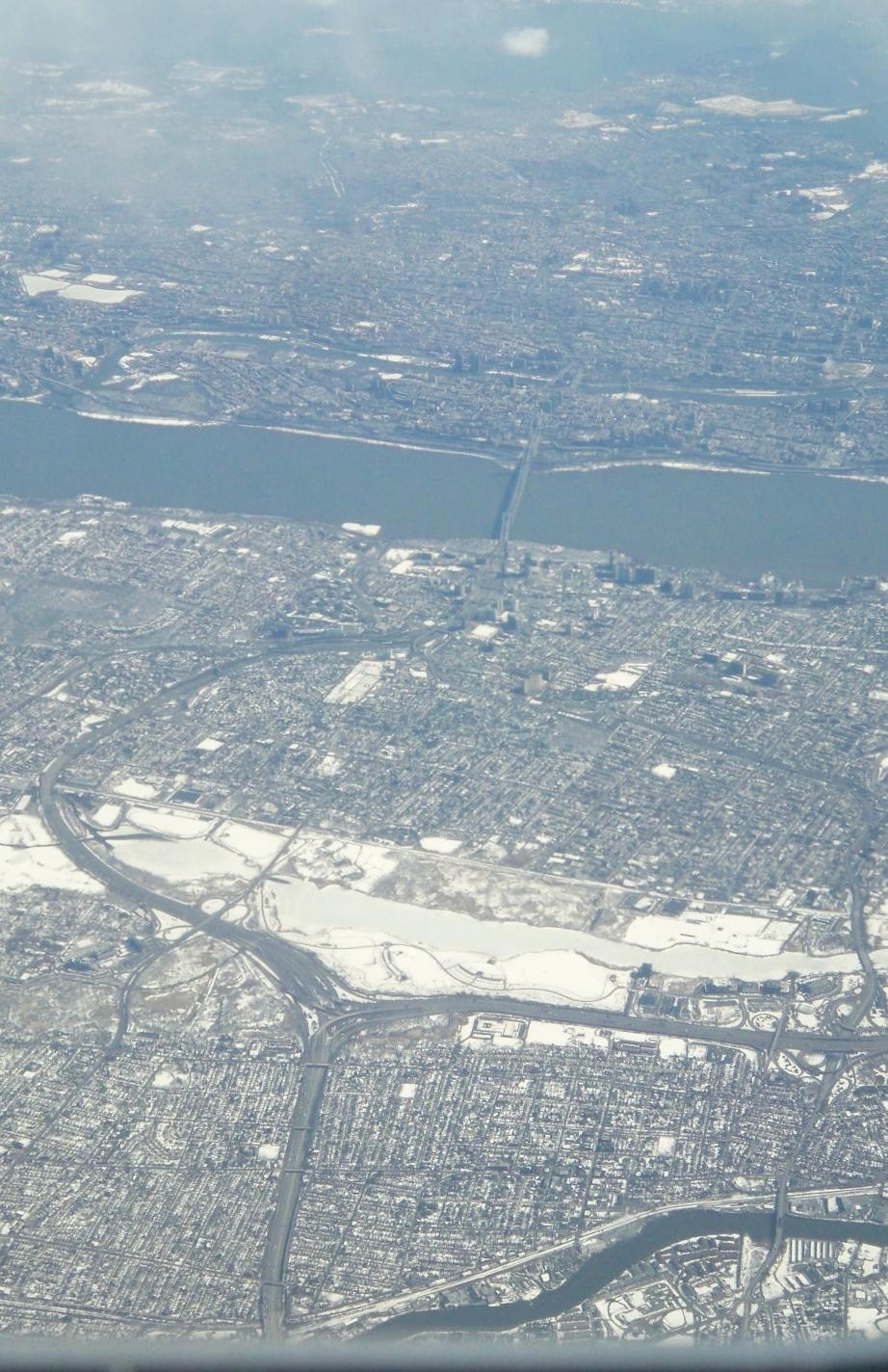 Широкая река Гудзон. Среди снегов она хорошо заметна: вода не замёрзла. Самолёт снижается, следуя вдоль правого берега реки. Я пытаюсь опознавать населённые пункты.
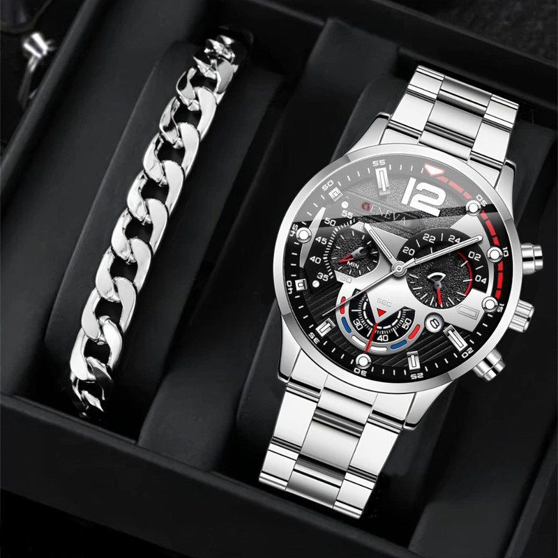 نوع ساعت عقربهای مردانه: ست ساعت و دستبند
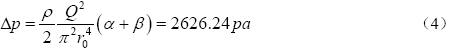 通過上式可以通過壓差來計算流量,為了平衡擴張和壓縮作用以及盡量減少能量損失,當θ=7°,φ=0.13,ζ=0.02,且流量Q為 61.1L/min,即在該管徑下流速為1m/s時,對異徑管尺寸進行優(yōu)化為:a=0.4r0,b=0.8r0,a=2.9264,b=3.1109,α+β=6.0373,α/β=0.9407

******************************

● Goal of the exercise: Output all of the data exactly. Skip the pictures.

● Your solution:
 Широкая река Гудзон. Среди снегов она хорошо заметна: вода не замёрзла. Самолёт снижается, следуя вдоль правого берега реки. Я пытаюсь опознавать населённые пункты.
 نوع ساعت عقربهای مردانه: ست ساعت و دستبند
 通過上式可以通過壓差來計算流量,為了平衡擴張和壓縮作用以及盡量減少能量損失,當θ=7°,φ=0.13,ζ=0.02,且流量Q為 61.1L/min,即在該管徑下流速為1m/s時,對異徑管尺寸進行優(yōu)化為:a=0.4r0,b=0.8r0,a=2.9264,b=3.1109,α+β=6.0373,α/β=0.9407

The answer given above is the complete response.